= EXERCISE PROMPT =
Exact copies of the lines below, from the one with "这是敦促库尔德斯坦爱国联盟(PUK)领导" up to and including the one with "Mì champon: Champon", are what this calls for; leave out pictures.

RECORDS FOR THE TASK below:

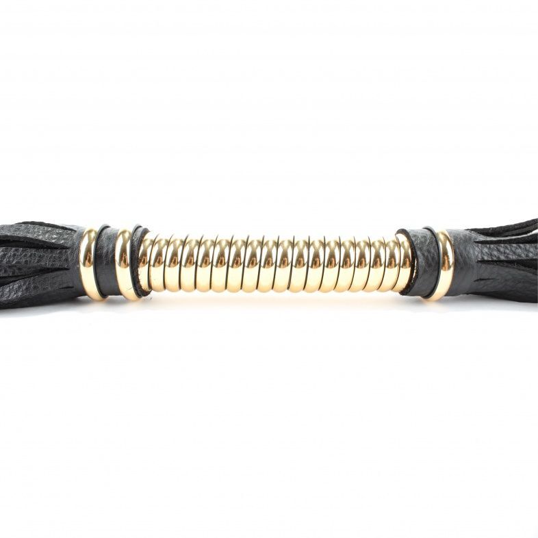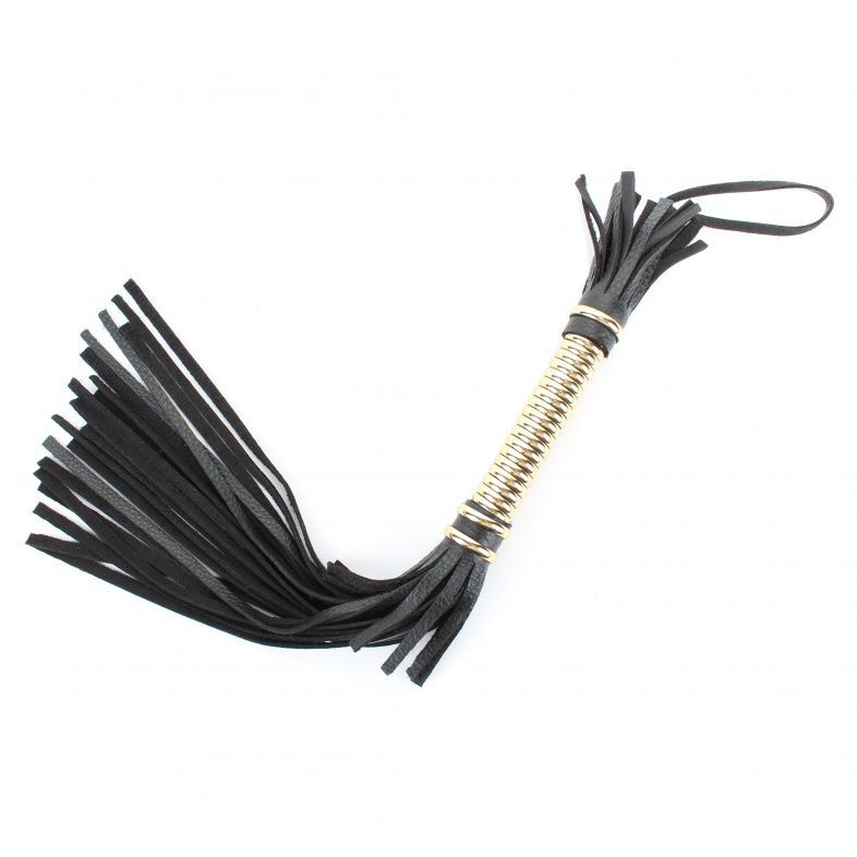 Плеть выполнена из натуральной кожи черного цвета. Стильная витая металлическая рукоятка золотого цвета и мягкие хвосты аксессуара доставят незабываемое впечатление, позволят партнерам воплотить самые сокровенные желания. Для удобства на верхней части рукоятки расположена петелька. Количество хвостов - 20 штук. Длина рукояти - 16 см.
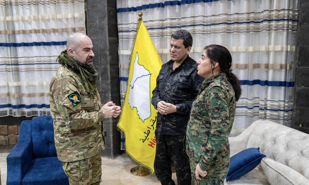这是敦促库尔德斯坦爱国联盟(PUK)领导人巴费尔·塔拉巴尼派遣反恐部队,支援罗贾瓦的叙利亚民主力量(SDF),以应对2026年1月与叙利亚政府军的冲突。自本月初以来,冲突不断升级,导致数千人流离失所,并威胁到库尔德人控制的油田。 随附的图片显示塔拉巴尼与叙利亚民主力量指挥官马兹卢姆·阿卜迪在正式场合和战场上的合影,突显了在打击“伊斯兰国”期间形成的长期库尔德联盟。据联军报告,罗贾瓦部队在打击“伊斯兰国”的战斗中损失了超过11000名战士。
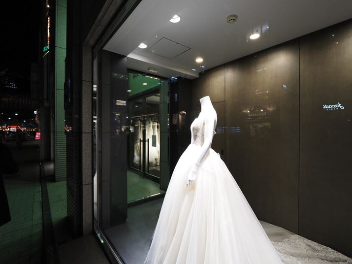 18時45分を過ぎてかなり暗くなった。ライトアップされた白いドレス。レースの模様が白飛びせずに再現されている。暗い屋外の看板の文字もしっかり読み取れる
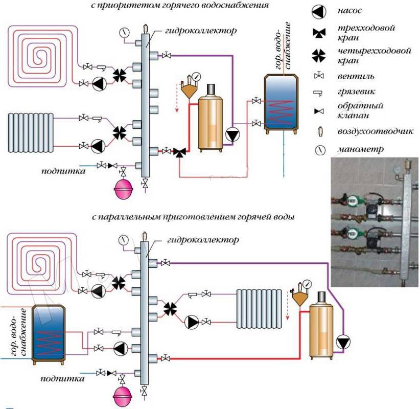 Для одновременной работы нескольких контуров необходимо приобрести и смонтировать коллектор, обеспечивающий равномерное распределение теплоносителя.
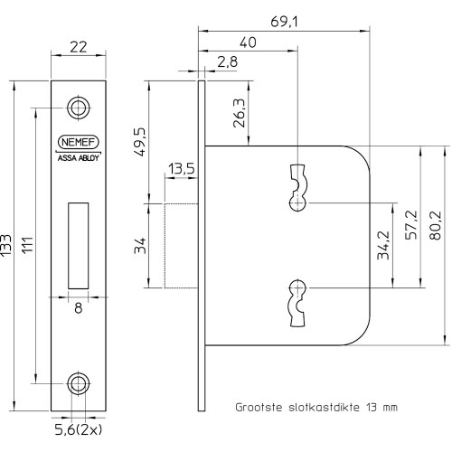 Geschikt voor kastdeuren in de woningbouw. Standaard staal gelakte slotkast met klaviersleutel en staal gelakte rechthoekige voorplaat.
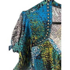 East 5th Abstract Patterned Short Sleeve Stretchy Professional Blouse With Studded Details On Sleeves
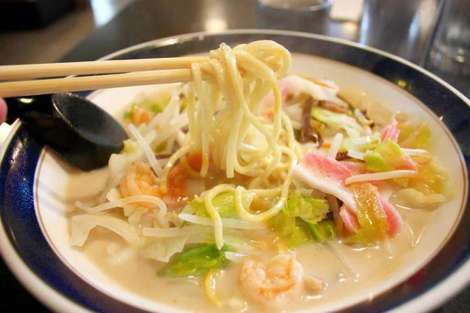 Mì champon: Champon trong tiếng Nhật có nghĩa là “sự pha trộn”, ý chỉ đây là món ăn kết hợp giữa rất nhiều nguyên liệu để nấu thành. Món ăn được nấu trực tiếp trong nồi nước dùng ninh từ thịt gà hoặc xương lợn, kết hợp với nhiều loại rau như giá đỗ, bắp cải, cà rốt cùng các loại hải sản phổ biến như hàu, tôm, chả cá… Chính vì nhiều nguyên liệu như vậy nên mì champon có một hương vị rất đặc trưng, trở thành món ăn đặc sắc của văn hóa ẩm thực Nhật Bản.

End of RECORDS FOR THE TASK.
RECORDS FOR THE TASK below:

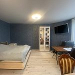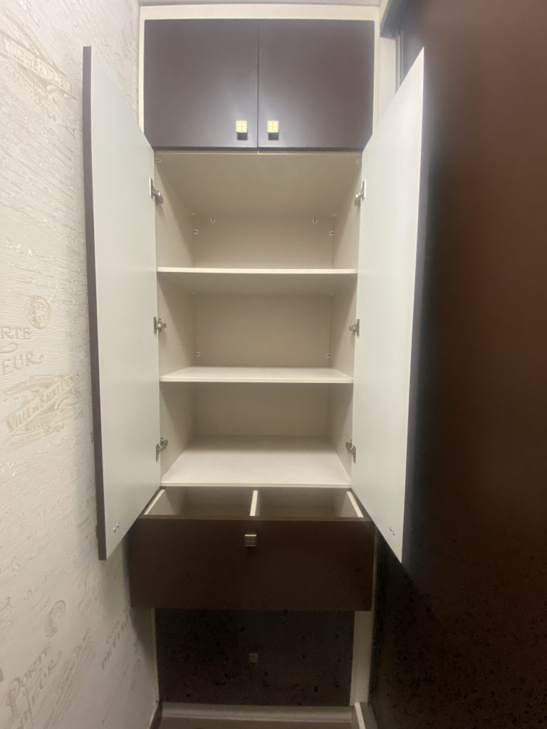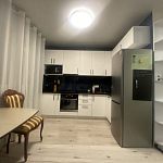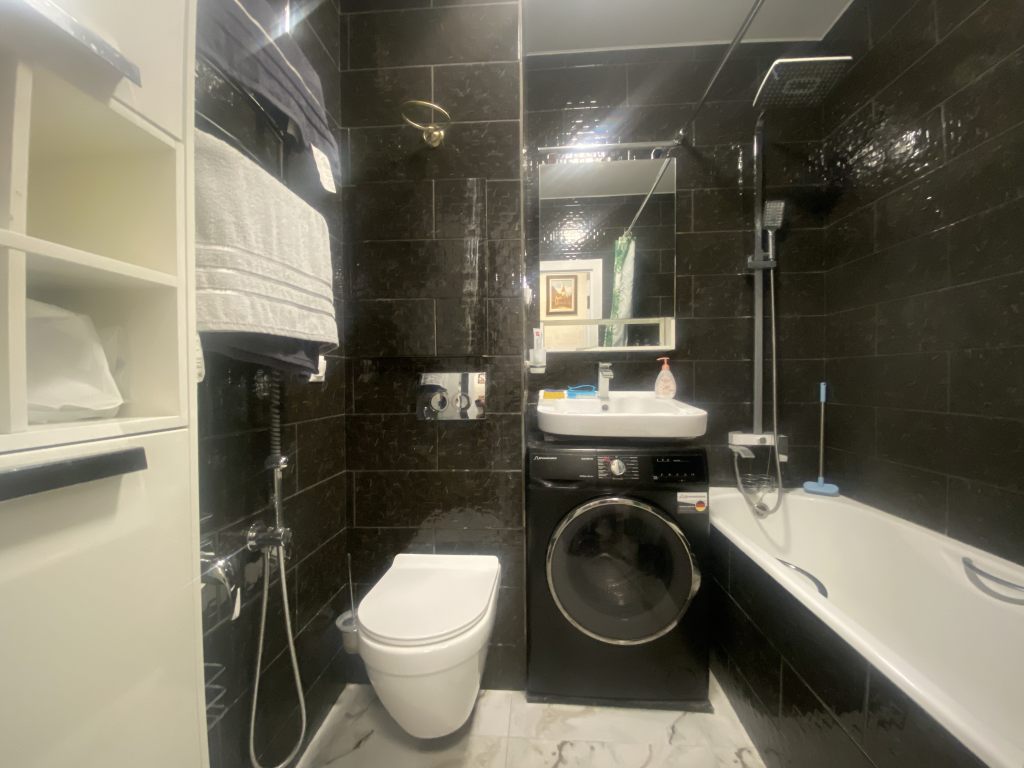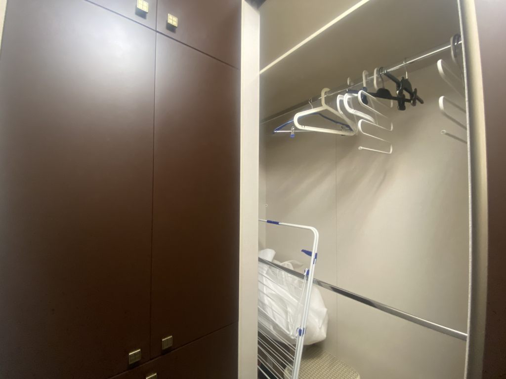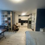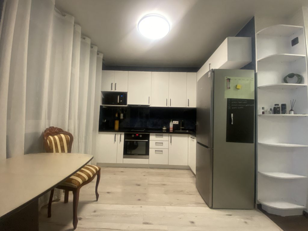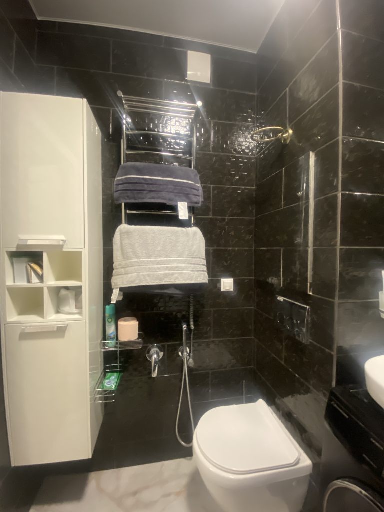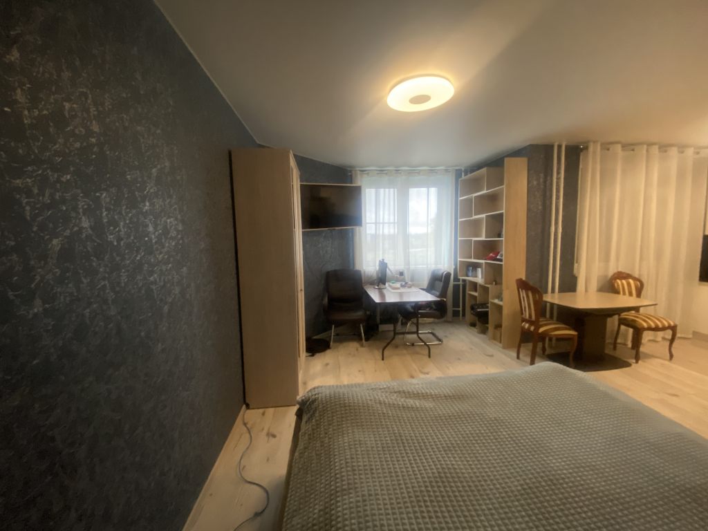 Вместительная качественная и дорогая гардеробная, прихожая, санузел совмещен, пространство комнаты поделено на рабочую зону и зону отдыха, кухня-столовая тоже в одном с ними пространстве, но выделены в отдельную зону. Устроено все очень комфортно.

End of RECORDS FOR THE TASK.
RECORDS FOR THE TASK below:

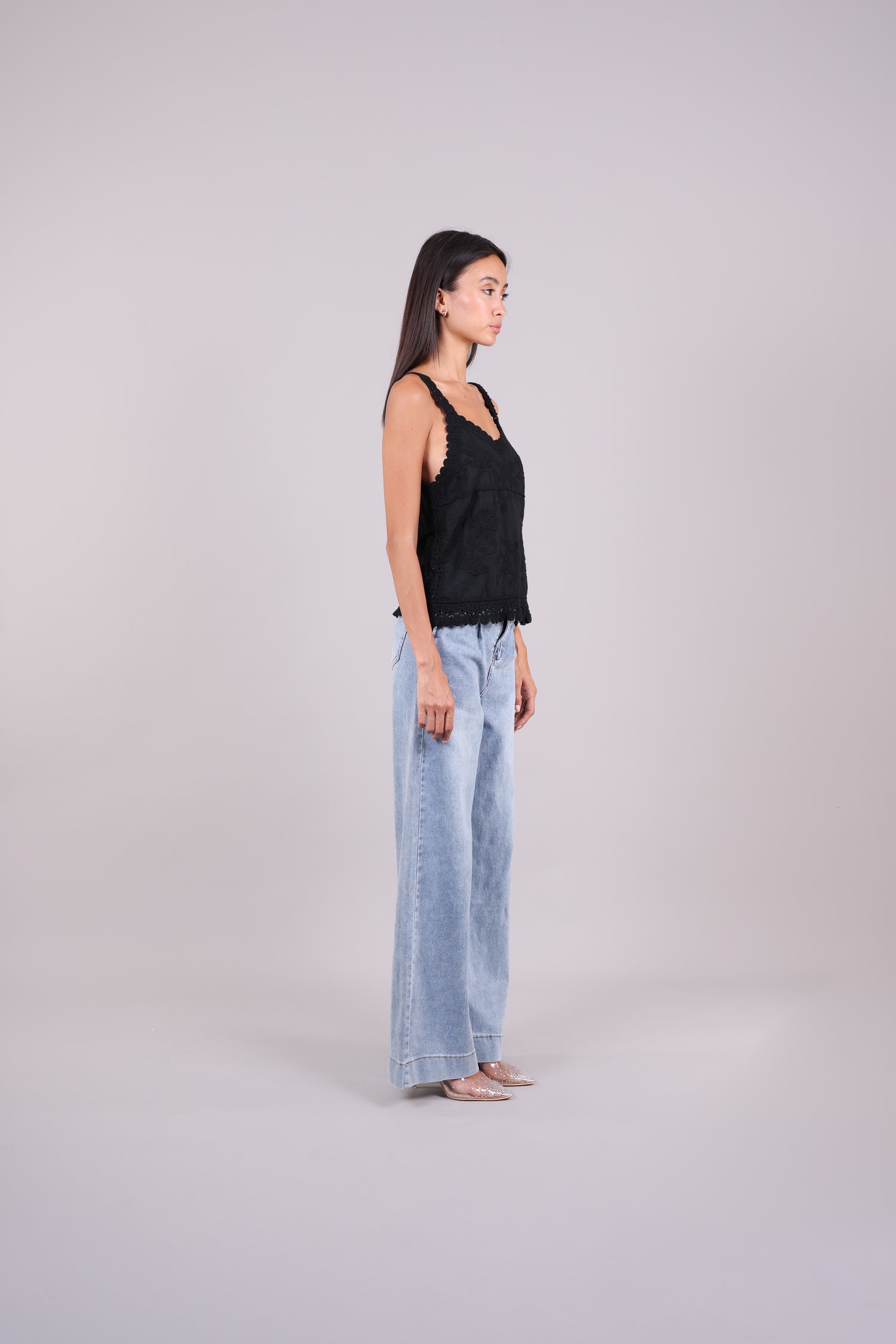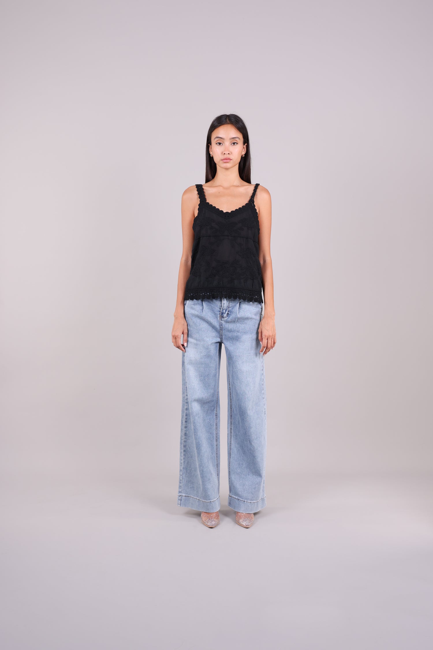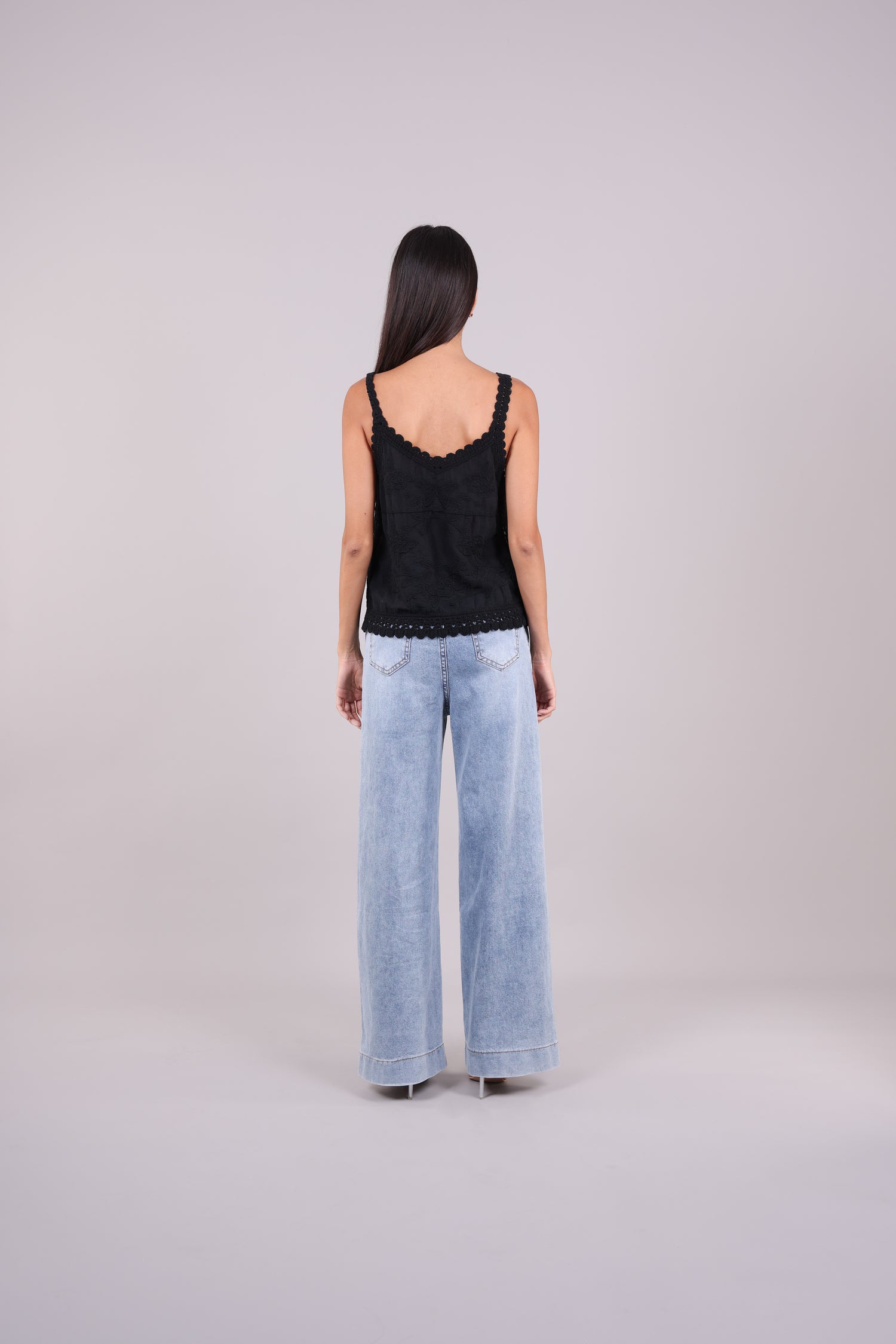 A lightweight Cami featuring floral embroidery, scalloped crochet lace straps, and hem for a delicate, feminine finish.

End of RECORDS FOR THE TASK.

= SOLVED EXERCISE =
这是敦促库尔德斯坦爱国联盟(PUK)领导人巴费尔·塔拉巴尼派遣反恐部队,支援罗贾瓦的叙利亚民主力量(SDF),以应对2026年1月与叙利亚政府军的冲突。自本月初以来,冲突不断升级,导致数千人流离失所,并威胁到库尔德人控制的油田。 随附的图片显示塔拉巴尼与叙利亚民主力量指挥官马兹卢姆·阿卜迪在正式场合和战场上的合影,突显了在打击“伊斯兰国”期间形成的长期库尔德联盟。据联军报告,罗贾瓦部队在打击“伊斯兰国”的战斗中损失了超过11000名战士。
 18時45分を過ぎてかなり暗くなった。ライトアップされた白いドレス。レースの模様が白飛びせずに再現されている。暗い屋外の看板の文字もしっかり読み取れる
 Для одновременной работы нескольких контуров необходимо приобрести и смонтировать коллектор, обеспечивающий равномерное распределение теплоносителя.
 Geschikt voor kastdeuren in de woningbouw. Standaard staal gelakte slotkast met klaviersleutel en staal gelakte rechthoekige voorplaat.
 East 5th Abstract Patterned Short Sleeve Stretchy Professional Blouse With Studded Details On Sleeves
 Mì champon: Champon trong tiếng Nhật có nghĩa là “sự pha trộn”, ý chỉ đây là món ăn kết hợp giữa rất nhiều nguyên liệu để nấu thành. Món ăn được nấu trực tiếp trong nồi nước dùng ninh từ thịt gà hoặc xương lợn, kết hợp với nhiều loại rau như giá đỗ, bắp cải, cà rốt cùng các loại hải sản phổ biến như hàu, tôm, chả cá… Chính vì nhiều nguyên liệu như vậy nên mì champon có một hương vị rất đặc trưng, trở thành món ăn đặc sắc của văn hóa ẩm thực Nhật Bản.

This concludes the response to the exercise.